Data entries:
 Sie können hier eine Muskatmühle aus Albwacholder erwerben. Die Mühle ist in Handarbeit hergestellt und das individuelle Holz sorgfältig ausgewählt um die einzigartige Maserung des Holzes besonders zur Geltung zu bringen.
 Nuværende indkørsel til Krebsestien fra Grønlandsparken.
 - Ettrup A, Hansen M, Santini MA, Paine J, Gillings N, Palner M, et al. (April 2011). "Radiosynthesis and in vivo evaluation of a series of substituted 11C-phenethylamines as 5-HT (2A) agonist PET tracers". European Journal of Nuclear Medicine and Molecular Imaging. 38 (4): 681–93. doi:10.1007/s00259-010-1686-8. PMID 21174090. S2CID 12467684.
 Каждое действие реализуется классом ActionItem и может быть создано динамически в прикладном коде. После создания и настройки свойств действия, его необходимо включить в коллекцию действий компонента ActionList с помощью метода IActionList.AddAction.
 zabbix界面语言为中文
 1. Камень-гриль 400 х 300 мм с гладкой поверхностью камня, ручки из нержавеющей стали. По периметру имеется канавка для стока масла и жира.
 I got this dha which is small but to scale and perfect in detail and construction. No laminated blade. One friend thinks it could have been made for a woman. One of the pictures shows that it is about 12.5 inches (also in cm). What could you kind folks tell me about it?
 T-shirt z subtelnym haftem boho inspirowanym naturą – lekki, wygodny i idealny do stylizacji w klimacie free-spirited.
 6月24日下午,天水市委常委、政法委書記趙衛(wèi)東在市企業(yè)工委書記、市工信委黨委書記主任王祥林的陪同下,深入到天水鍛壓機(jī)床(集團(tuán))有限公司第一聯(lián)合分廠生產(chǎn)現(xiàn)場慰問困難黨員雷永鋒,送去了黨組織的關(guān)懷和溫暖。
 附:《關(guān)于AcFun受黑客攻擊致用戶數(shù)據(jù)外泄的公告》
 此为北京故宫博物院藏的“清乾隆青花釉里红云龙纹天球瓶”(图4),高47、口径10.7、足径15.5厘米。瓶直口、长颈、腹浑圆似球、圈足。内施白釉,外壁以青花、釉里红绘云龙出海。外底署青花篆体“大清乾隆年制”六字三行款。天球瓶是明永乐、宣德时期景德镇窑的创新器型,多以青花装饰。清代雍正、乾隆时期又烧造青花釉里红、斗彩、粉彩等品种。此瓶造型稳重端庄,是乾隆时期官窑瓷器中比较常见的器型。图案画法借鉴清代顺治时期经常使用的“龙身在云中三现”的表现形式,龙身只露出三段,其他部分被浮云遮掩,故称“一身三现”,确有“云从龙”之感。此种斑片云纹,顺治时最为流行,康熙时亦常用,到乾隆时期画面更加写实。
...
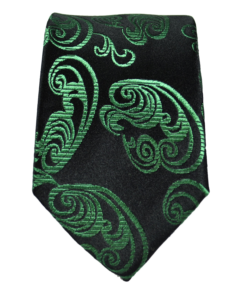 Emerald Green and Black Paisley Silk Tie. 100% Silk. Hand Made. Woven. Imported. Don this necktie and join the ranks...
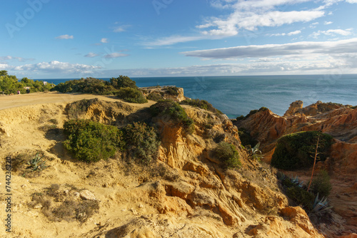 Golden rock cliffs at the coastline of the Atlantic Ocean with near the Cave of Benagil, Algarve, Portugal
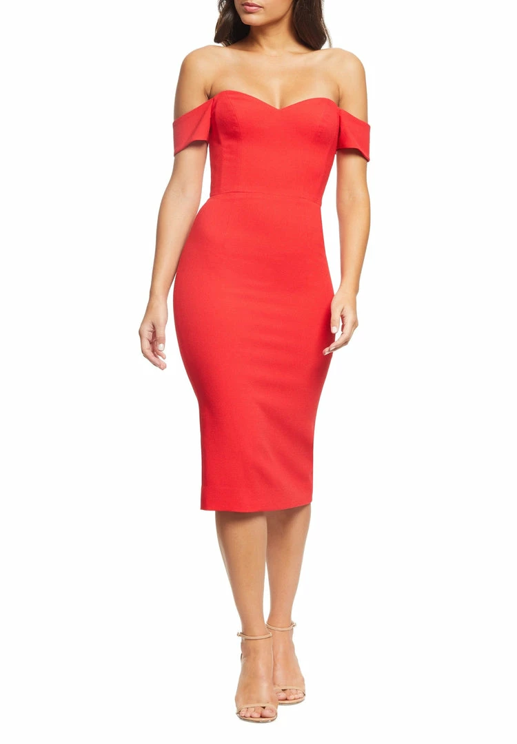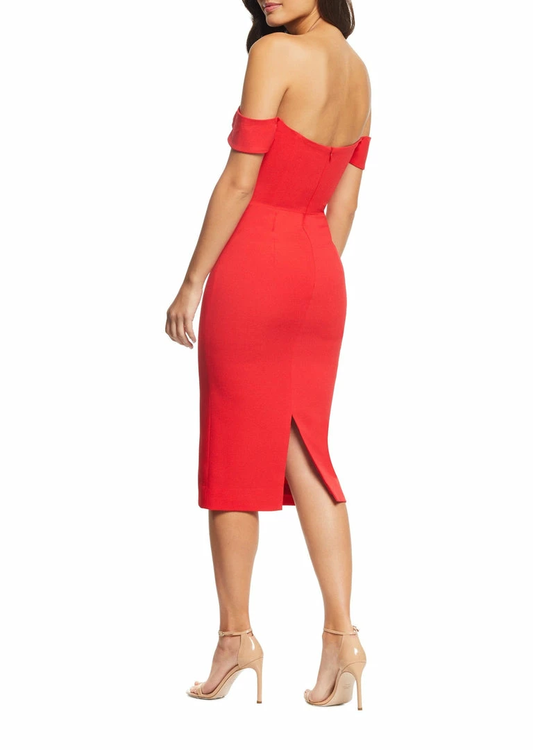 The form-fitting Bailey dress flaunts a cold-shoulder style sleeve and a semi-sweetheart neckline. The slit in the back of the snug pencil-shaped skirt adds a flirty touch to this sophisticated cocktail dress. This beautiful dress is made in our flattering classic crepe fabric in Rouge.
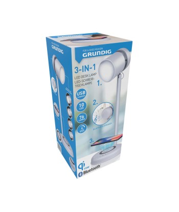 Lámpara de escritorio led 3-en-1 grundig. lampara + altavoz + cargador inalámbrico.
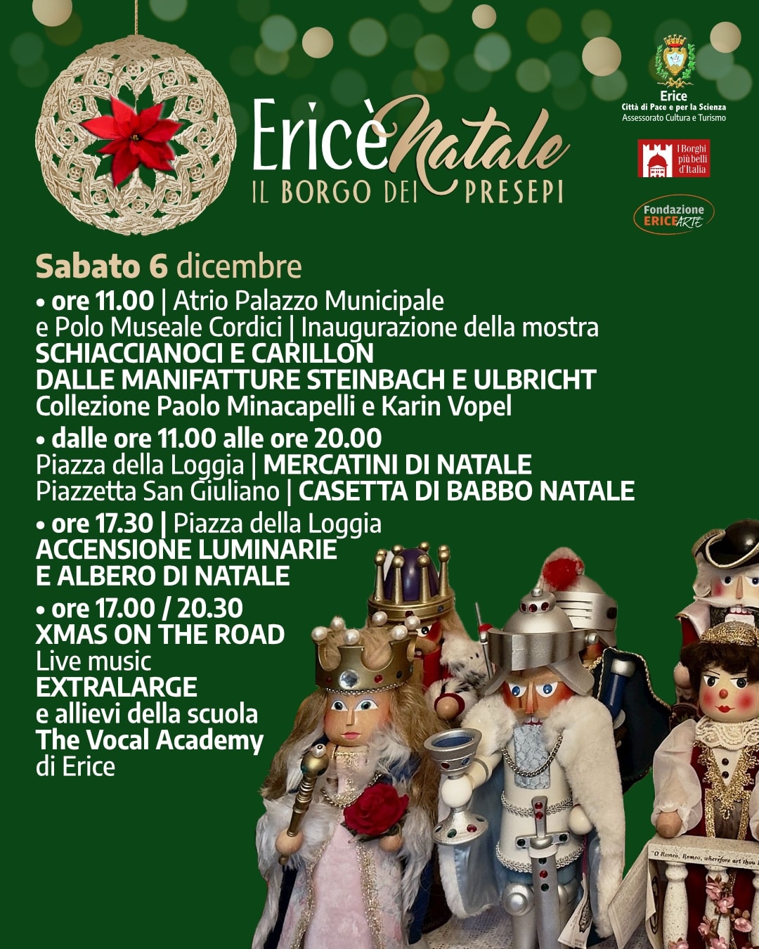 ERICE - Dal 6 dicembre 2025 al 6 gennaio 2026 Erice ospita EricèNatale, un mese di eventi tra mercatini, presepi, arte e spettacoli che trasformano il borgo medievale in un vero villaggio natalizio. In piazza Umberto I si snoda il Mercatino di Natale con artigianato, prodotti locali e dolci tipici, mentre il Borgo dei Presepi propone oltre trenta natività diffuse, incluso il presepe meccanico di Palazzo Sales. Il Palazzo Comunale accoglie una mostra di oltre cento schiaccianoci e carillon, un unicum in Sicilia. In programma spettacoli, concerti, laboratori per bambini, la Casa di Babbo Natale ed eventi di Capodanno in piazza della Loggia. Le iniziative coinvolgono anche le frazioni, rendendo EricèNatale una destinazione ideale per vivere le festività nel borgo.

● Instructions to follow
Please report every line of the records above that contains the word "guān".

● Your solution
 6月24日下午,天水市委常委、政法委書記趙衛(wèi)東在市企業(yè)工委書記、市工信委黨委書記主任王祥林的陪同下,深入到天水鍛壓機(jī)床(集團(tuán))有限公司第一聯(lián)合分廠生產(chǎn)現(xiàn)場慰問困難黨員雷永鋒,送去了黨組織的關(guān)懷和溫暖。
 附:《關(guān)于AcFun受黑客攻擊致用戶數(shù)據(jù)外泄的公告》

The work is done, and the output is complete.